The conventional SNCR technology is that amino reducing agent is sprayed into NO to reduce NO into N under the aerobic condition at the temperature of 850-1150 DEG C2And H2And O. Research shows that the SNCR technology can also be expanded to a high-temperature section, namely a high-temperature ammonia spraying denitration technology. The high-temperature ammonia spraying denitration technology is a method which is established on the basis of air classification and combines a plurality of denitration technologies, and an amino reducing agent is sprayed in a high-temperature and oxygen-deficient environment formed in a main combustion zone in a furnace, so that NOx in flue gas is reduced.
At present, a power station boiler generally adopts an air classification low-nitrogen combustion technology, a main combustion area is in a reducing atmosphere, and conditions are provided for application of an ammonia spraying and denitration technology in the main combustion area. Domestic researchers have proposed different methods for implementing and controlling the ammonia injection denitration technology in the main combustion area, for example, chinese patent CN201810917125.9 discloses a denitration system and method for power station boiler low-nitrogen burner cooperating with high-temperature ammonia injection.

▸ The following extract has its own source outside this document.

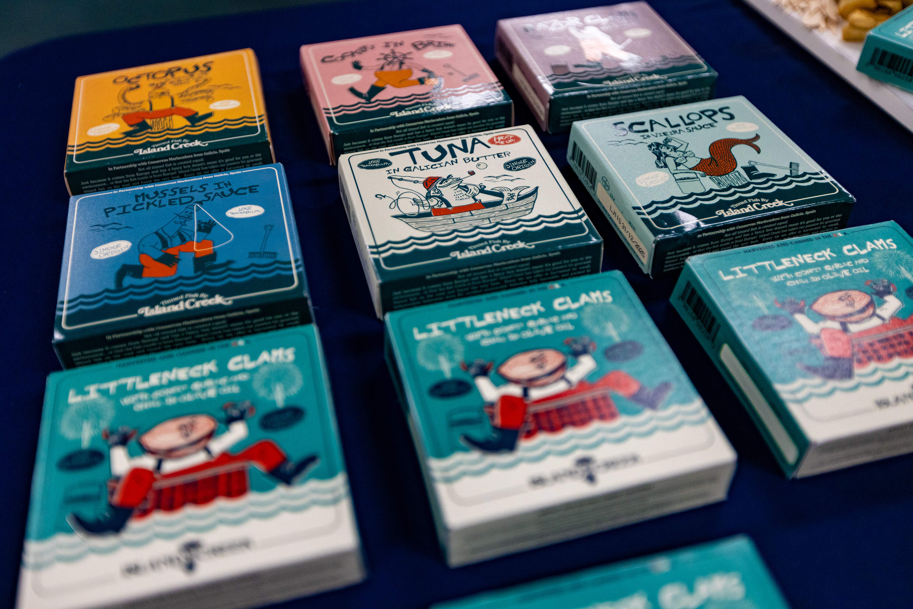 Island Creek staff first discovered the potential of tinned fish in 2017, when they sold it at The Shop, a seafood restaurant they run in Portland, Maine. Customers loved it. As they were researching what tins to carry and who made them, they traveled abroad to learn more about the process. It was on a trip to Spain that Sherman said he had an epiphany in a grocery store.

For another example, chinese patent CN201821111988.9 discloses a supercritical carbon dioxide cyclone furnace structure for reducing nitrogen oxides by spraying ammonia in a high-temperature reduction region, wherein ammonia nozzles are arranged below the overfire air nozzles of the main furnace of the cyclone furnace, and the ammonia nozzles are arranged in multiple layers and obliquely, so as to enhance the mixing effect of ammonia and flue gas, and further improve the denitration efficiency of the sprayed ammonia. However, the coal type adaptability of the method is poor, and when the coal type is low-volatile coal powder, the denitration efficiency of ammonia injection in the main combustion area is low.
Disclosure of Invention
Aiming at the problems in the prior art, the invention provides a synergistic denitration system and method for a composite reducing agent of a coal-fired boiler, which are reasonable in design, simple, efficient, stable and feasible and can be suitable for different volatile coal types.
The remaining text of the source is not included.